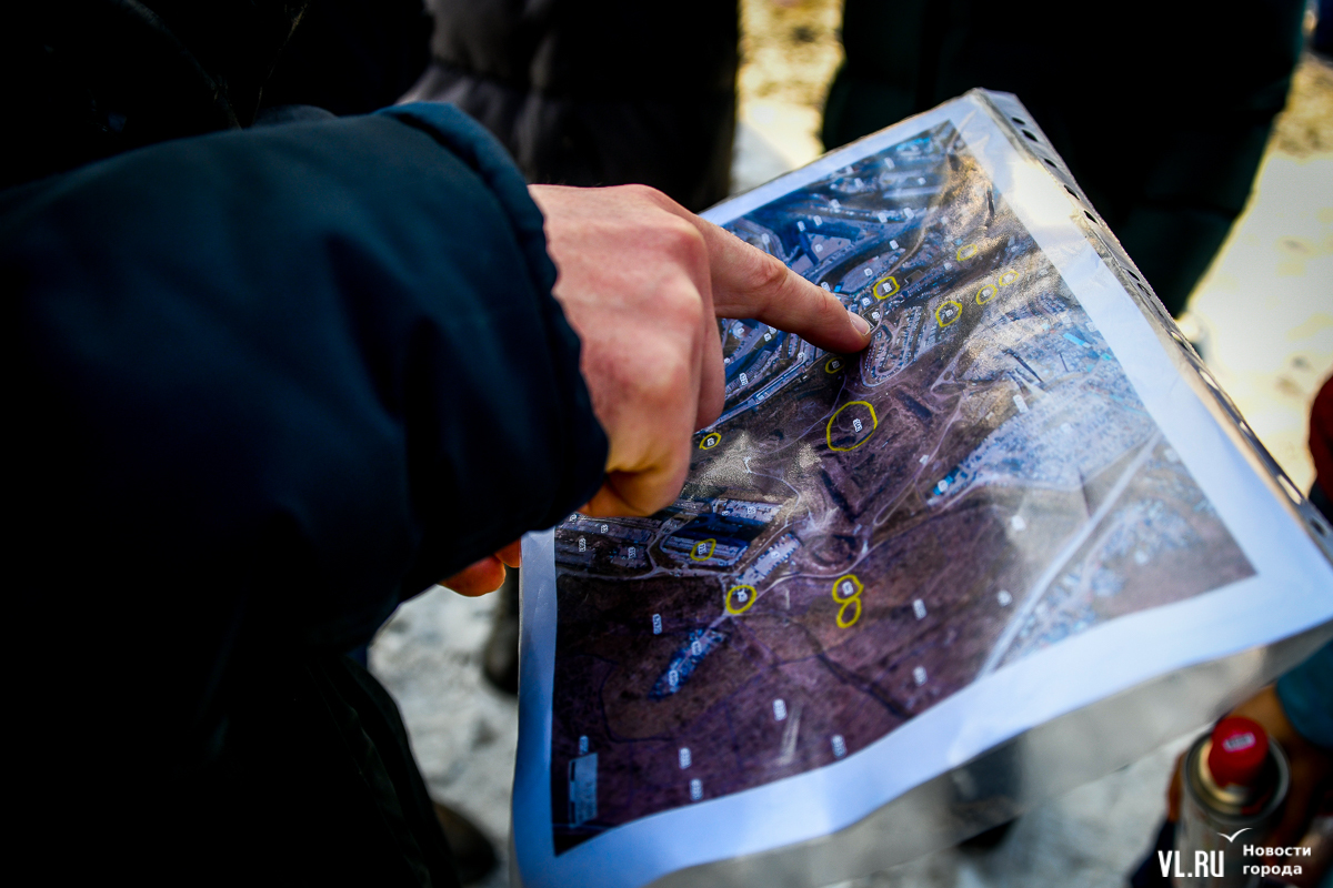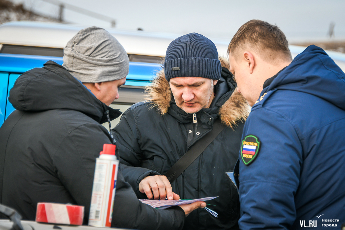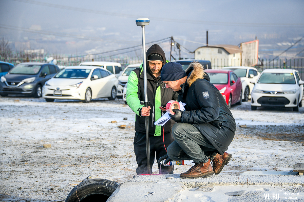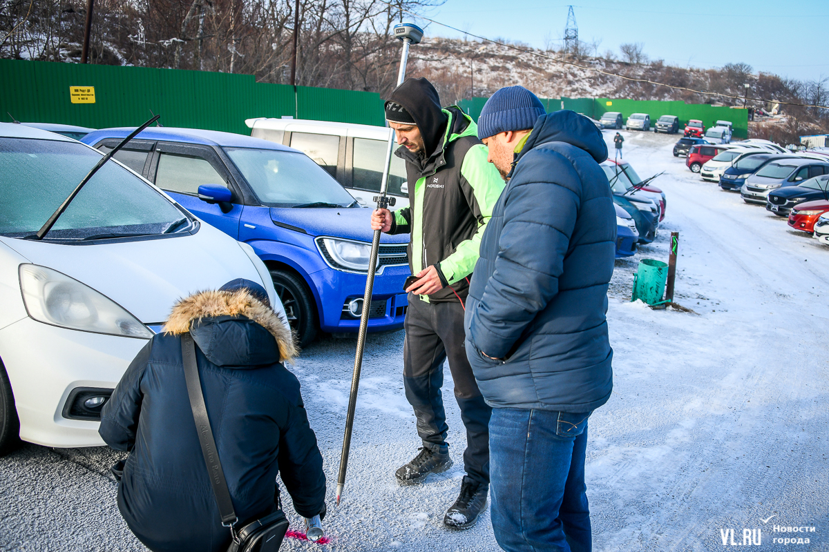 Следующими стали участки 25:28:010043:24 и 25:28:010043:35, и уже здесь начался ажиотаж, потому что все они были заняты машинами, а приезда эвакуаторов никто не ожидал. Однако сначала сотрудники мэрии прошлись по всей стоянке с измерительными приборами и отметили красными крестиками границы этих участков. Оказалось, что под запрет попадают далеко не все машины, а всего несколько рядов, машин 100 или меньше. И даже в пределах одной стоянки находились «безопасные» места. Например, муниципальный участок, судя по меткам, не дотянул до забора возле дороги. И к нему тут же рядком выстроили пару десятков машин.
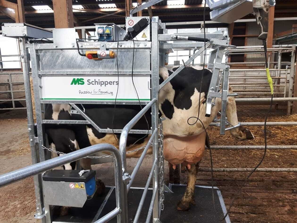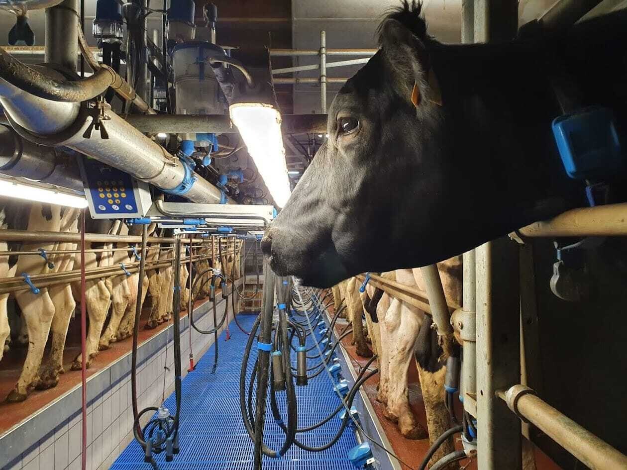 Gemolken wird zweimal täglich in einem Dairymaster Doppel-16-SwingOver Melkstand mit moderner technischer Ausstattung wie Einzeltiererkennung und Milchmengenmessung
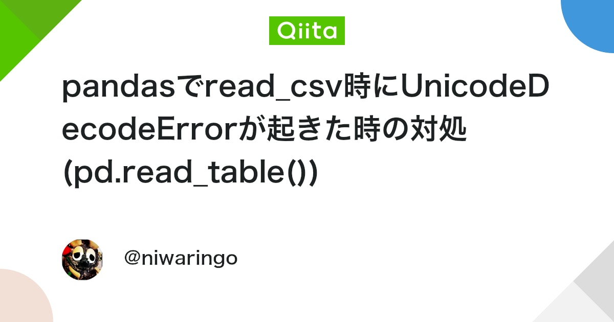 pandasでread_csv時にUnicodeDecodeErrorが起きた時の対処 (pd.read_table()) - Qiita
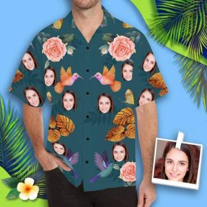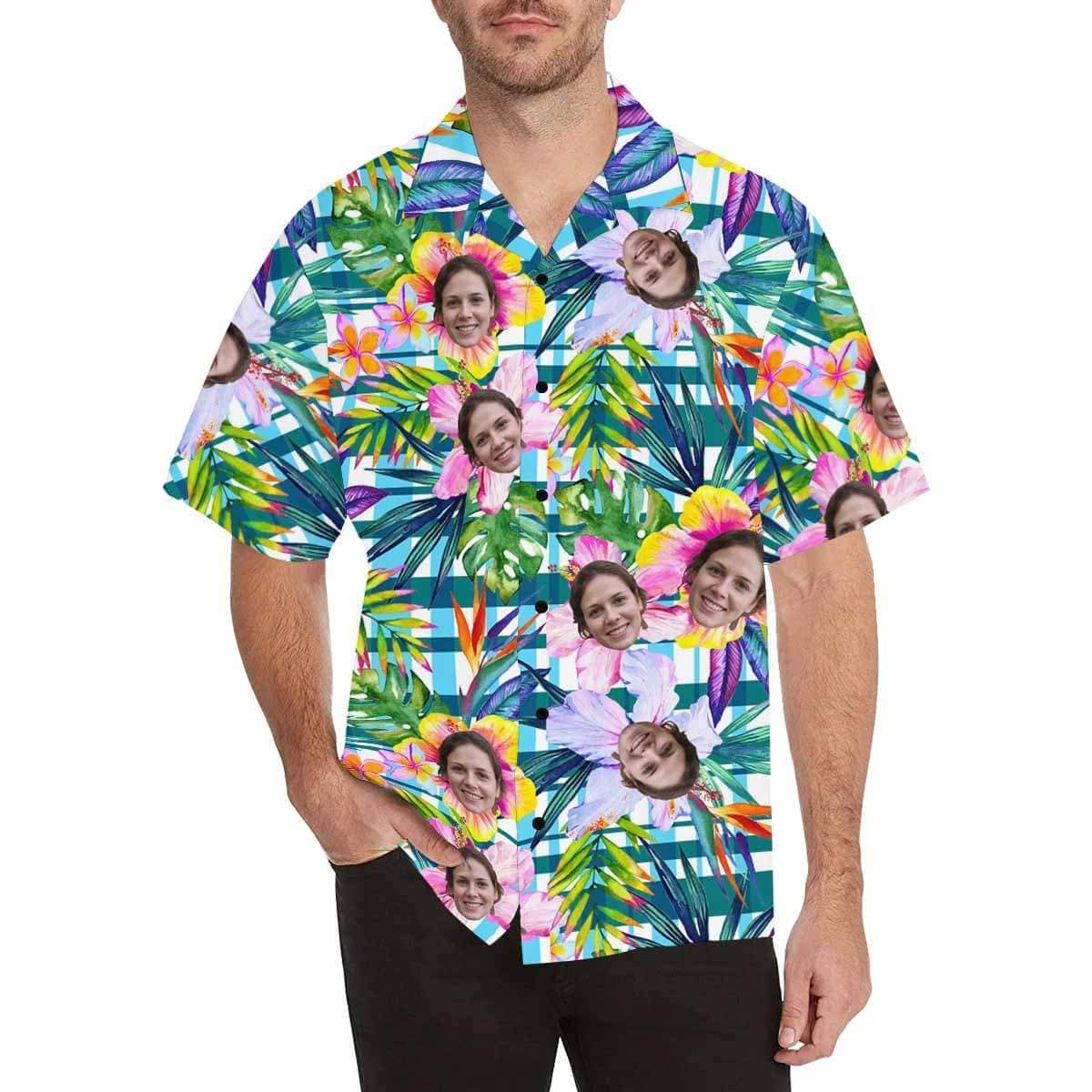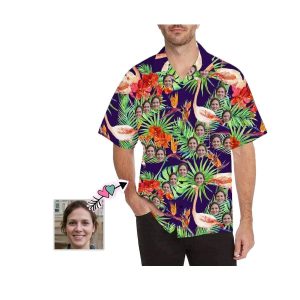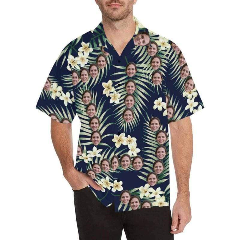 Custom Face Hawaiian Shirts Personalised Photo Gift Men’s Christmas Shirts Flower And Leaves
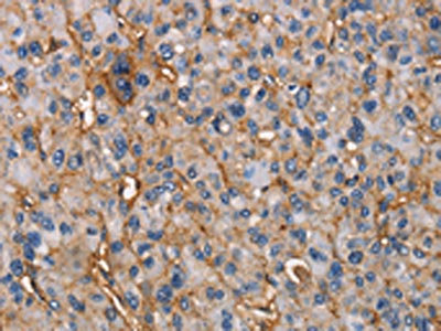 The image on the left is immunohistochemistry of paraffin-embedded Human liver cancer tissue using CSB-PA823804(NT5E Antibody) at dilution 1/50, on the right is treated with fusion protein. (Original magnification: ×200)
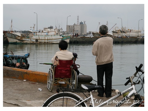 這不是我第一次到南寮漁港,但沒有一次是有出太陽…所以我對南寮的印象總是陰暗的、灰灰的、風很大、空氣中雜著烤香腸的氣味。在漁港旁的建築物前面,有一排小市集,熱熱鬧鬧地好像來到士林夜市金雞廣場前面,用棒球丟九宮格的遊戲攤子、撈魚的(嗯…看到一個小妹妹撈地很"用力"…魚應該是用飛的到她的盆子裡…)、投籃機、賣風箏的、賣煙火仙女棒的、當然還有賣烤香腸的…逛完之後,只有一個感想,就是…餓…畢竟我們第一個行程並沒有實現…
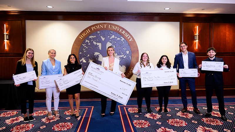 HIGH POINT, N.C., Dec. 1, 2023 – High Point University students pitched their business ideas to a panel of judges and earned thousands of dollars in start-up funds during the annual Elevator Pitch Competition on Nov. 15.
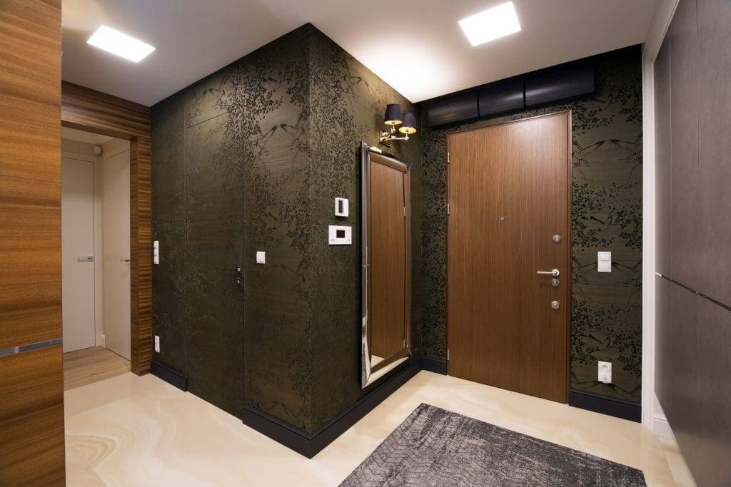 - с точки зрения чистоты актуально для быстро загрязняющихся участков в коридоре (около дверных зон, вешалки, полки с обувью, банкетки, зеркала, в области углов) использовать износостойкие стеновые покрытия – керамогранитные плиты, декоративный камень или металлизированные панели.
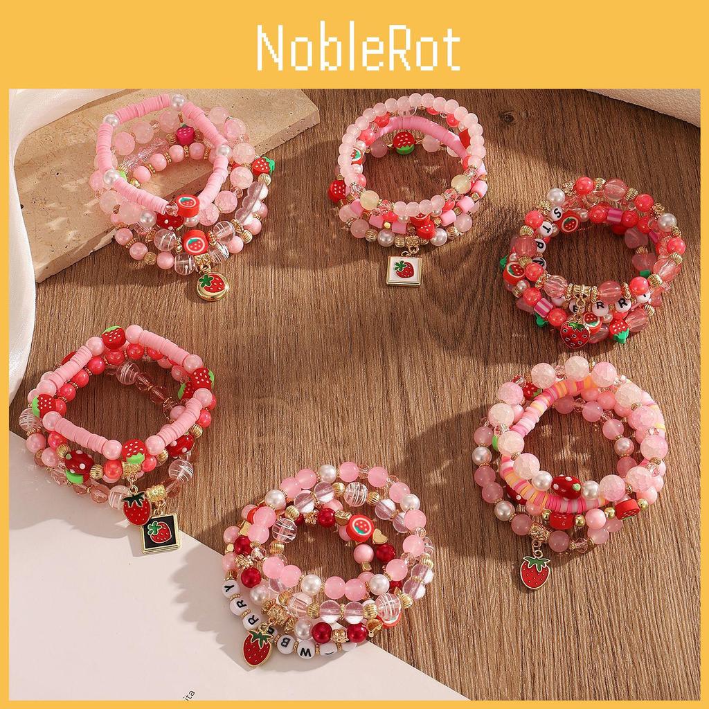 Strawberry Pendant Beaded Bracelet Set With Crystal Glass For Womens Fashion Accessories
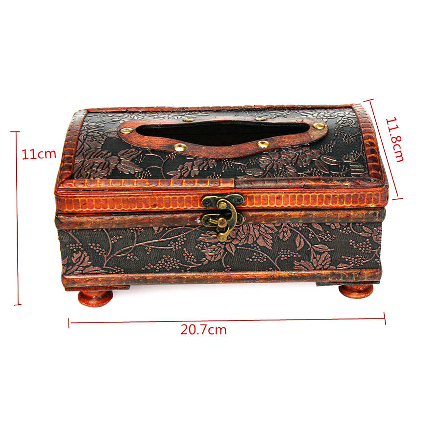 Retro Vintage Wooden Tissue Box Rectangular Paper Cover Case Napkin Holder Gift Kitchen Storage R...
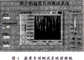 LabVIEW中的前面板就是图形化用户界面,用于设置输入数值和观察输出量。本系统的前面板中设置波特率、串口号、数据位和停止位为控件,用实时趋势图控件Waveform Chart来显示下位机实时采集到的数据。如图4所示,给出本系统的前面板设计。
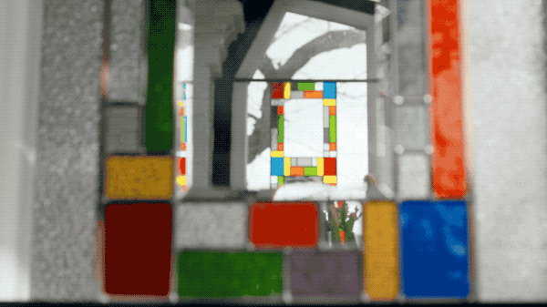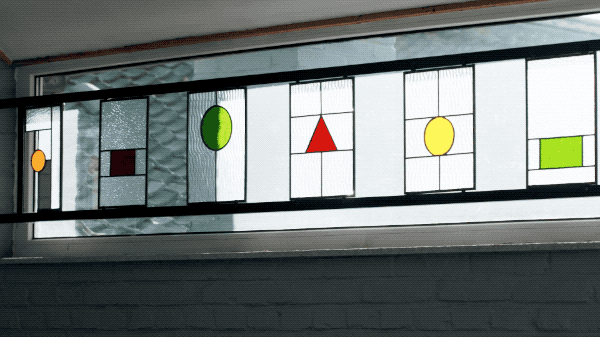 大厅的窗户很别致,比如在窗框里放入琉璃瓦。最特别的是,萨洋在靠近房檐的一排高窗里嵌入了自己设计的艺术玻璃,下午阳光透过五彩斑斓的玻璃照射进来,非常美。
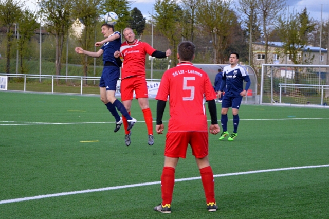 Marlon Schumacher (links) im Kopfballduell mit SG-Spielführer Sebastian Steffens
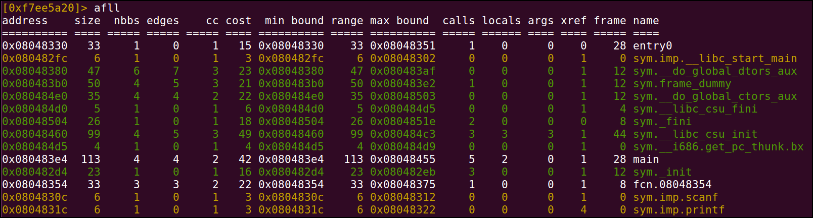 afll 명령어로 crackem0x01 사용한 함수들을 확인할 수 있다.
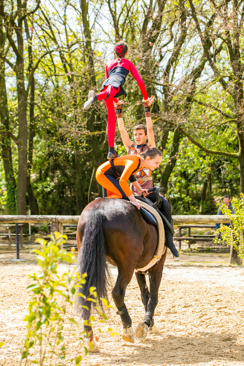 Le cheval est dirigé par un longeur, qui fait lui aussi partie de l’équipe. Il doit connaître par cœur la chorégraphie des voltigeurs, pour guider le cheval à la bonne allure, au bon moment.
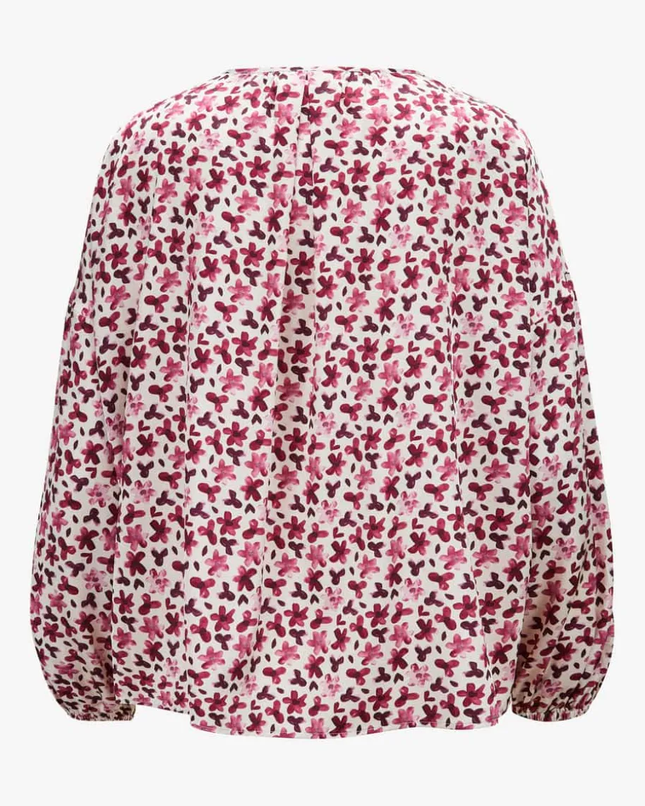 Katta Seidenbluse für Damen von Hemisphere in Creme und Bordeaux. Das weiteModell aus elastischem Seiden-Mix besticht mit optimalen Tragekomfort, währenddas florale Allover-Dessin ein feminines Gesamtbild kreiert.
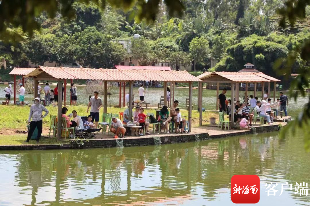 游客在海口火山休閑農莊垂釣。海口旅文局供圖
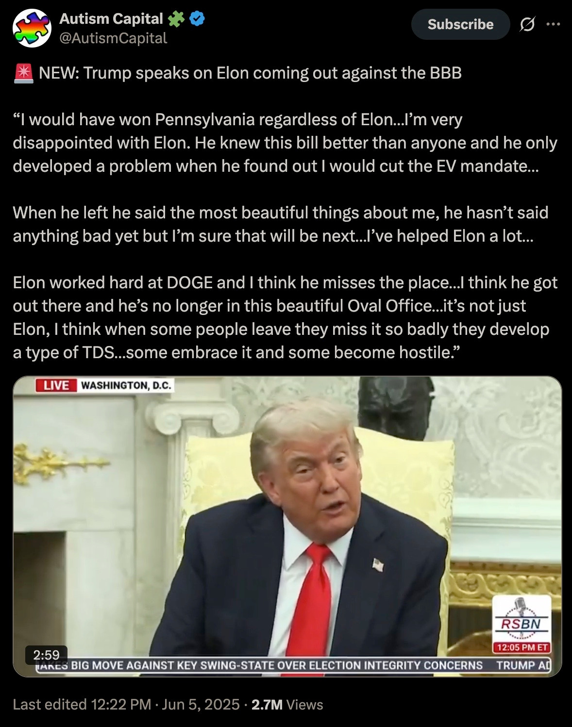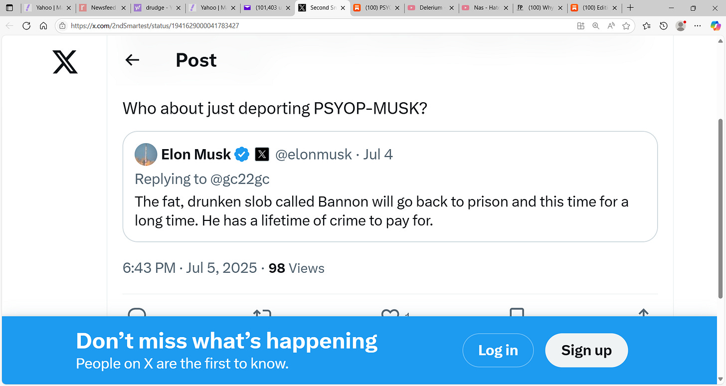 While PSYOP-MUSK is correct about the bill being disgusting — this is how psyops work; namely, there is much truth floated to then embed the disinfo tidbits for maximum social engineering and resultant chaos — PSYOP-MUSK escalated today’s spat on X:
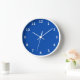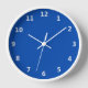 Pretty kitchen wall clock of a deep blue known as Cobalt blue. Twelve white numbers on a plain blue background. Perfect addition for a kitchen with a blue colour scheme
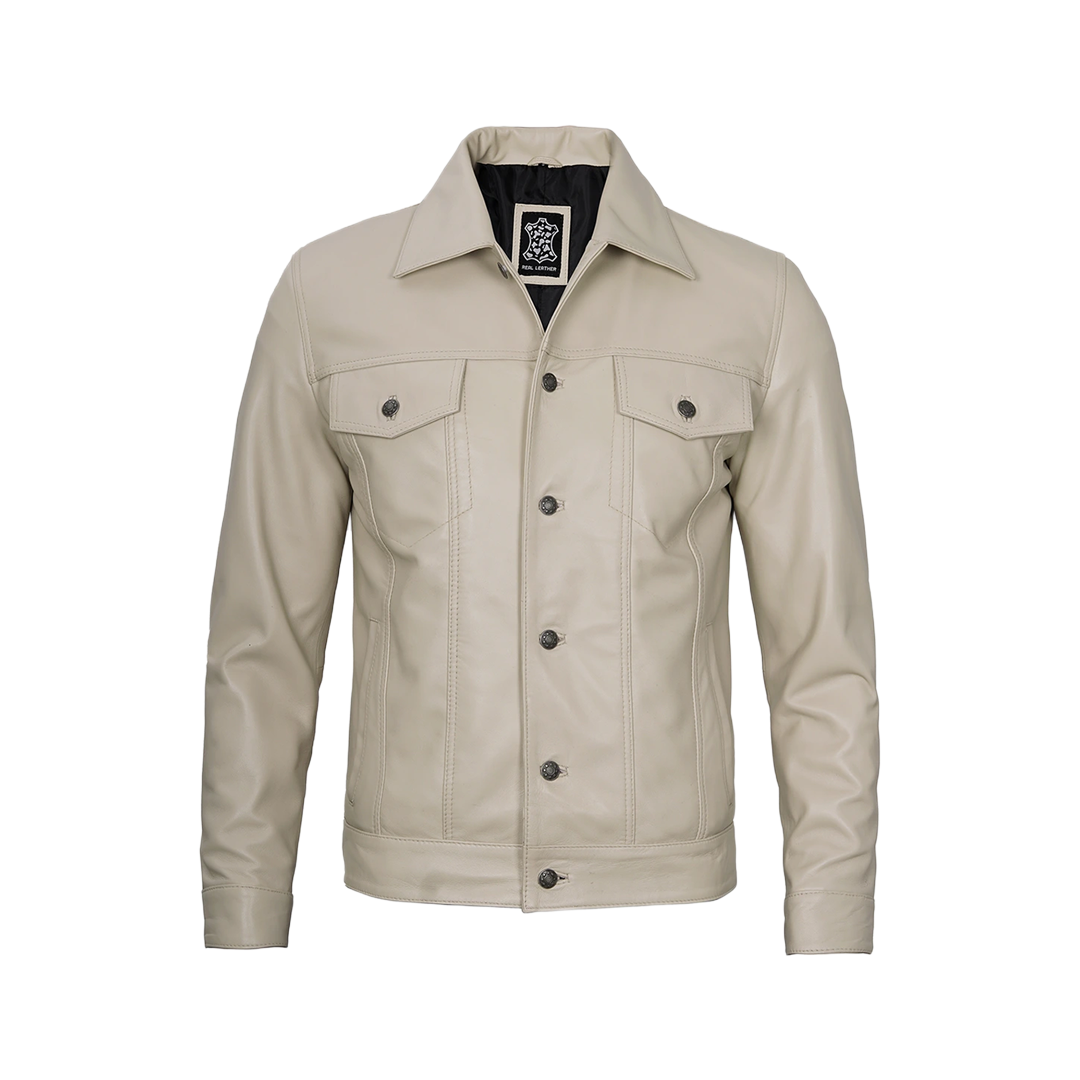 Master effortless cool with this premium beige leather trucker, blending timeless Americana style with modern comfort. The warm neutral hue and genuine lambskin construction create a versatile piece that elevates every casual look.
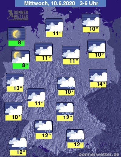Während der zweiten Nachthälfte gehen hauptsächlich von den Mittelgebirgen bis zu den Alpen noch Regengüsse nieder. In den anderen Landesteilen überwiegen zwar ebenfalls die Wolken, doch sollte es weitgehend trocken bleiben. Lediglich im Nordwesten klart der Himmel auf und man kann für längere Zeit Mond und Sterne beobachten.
....
■ YOUR TASK ■
From the records above, write out exactly the lines that begin at the line with "Strawberry Pendant Beaded" and end at the line with "大厅的窗户很别致,比如在窗框". Pictures must not appear in the output.

■ PROBLEM SOLUTION ■
 Strawberry Pendant Beaded Bracelet Set With Crystal Glass For Womens Fashion Accessories
 Retro Vintage Wooden Tissue Box Rectangular Paper Cover Case Napkin Holder Gift Kitchen Storage R...
 LabVIEW中的前面板就是图形化用户界面,用于设置输入数值和观察输出量。本系统的前面板中设置波特率、串口号、数据位和停止位为控件,用实时趋势图控件Waveform Chart来显示下位机实时采集到的数据。如图4所示,给出本系统的前面板设计。
 大厅的窗户很别致,比如在窗框里放入琉璃瓦。最特别的是,萨洋在靠近房檐的一排高窗里嵌入了自己设计的艺术玻璃,下午阳光透过五彩斑斓的玻璃照射进来,非常美。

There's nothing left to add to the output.